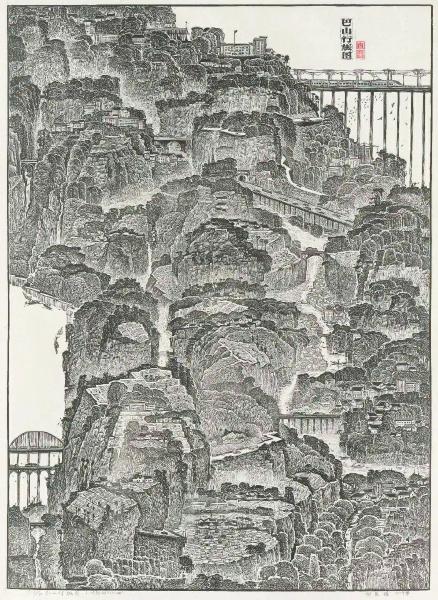 四川版画家向思楼2019年创作的《巴山行旅图》,其名称让人想到北宋范宽的《溪山行旅图》。二者山势均自下而上,广袤绵延,气象万千,构图都不拘泥于特定的空间,从不同的角度观察景物,观者需要上下左右移动视线才能遍览全局,恰好与中国山水画“边走边看”“边走边画”的造景手法和审美理念呼应,在“行”中领悟壮丽的故园山川情怀。《巴山行旅图》延续了向思楼精细严谨的画风,形象优美,内容充实,展现出丰富的层次感、韵律感和引人入胜的意境,供观者游目骋怀,也令人感受到作者对生活的热爱,对社会发展变化的敏锐表达。(余如波)
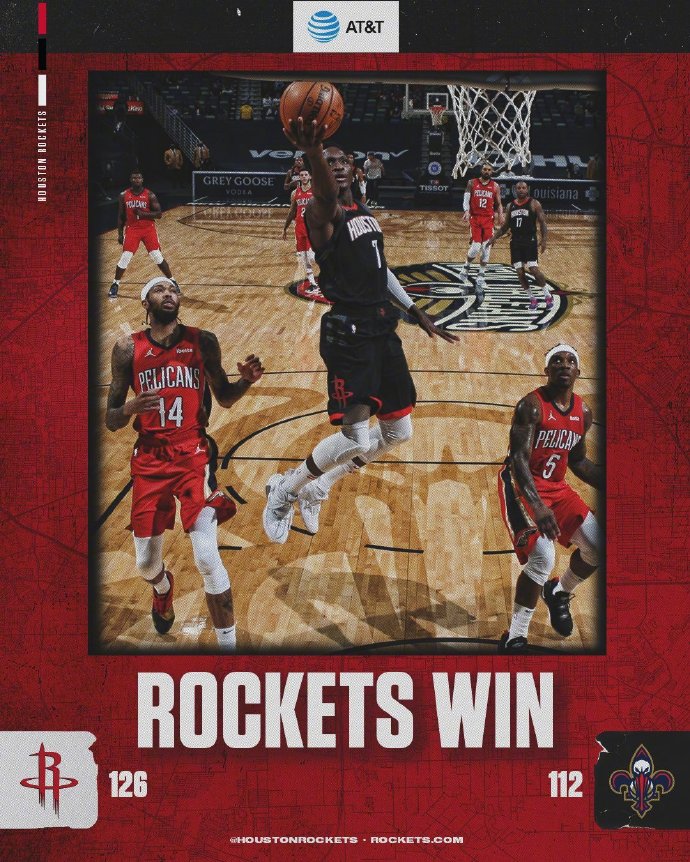JRS低调看直播1月31日讯 NBA常规赛,鹈鹕今日迎战火箭,前者两连胜后排在西部倒数第二位,而后者更是一波四连胜后来到西部第十的位置。比赛上来鹈鹕就率先进入状态取得领先,分差也是逐渐达到两位数,但进入次节火箭在进攻端突然爆发,单节爆砍48分实现反超并建立起18分的优势结束半场。易边再战,火箭始终掌握着场上的主动权,分差也是被继续扩大到二十分以上,比赛早早失去悬念,最终火箭大胜鹈鹕,迎来五连胜。
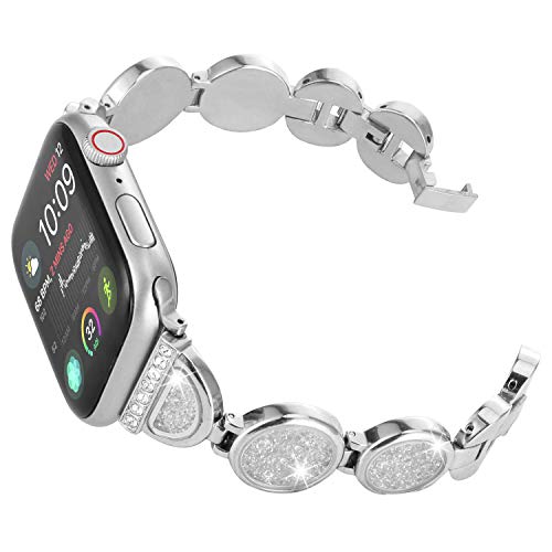 Fohuas Silver stianless Steel Band Compatible for Apple Watch 38mm 40mm Series 5 4 3 2 1, Adjustable Stainless Steel iWatch Bracelet Fashion Bling Rhinestone Wristband Strap for Apple Watch,Silver- Amazon.com
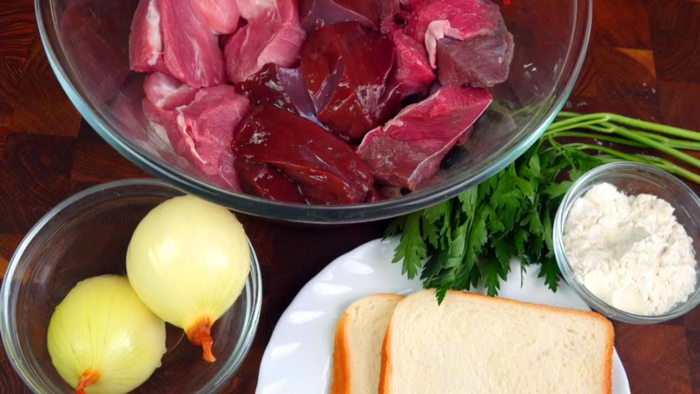 Мясо и печень порезать на кусочки для мясорубки и пропустить через неё 1 раз.

□ □ □ □ □ □ □

■ TASK DETAILS ■
Write out exactly the lines running from the one with "JRS低调看直播1月31日讯" through the end of the material, both ends included, while leaving the pictures out.

■ REPLY TO THE EXERCISE ■
JRS低调看直播1月31日讯 NBA常规赛,鹈鹕今日迎战火箭,前者两连胜后排在西部倒数第二位,而后者更是一波四连胜后来到西部第十的位置。比赛上来鹈鹕就率先进入状态取得领先,分差也是逐渐达到两位数,但进入次节火箭在进攻端突然爆发,单节爆砍48分实现反超并建立起18分的优势结束半场。易边再战,火箭始终掌握着场上的主动权,分差也是被继续扩大到二十分以上,比赛早早失去悬念,最终火箭大胜鹈鹕,迎来五连胜。
 Fohuas Silver stianless Steel Band Compatible for Apple Watch 38mm 40mm Series 5 4 3 2 1, Adjustable Stainless Steel iWatch Bracelet Fashion Bling Rhinestone Wristband Strap for Apple Watch,Silver- Amazon.com
 Мясо и печень порезать на кусочки для мясорубки и пропустить через неё 1 раз.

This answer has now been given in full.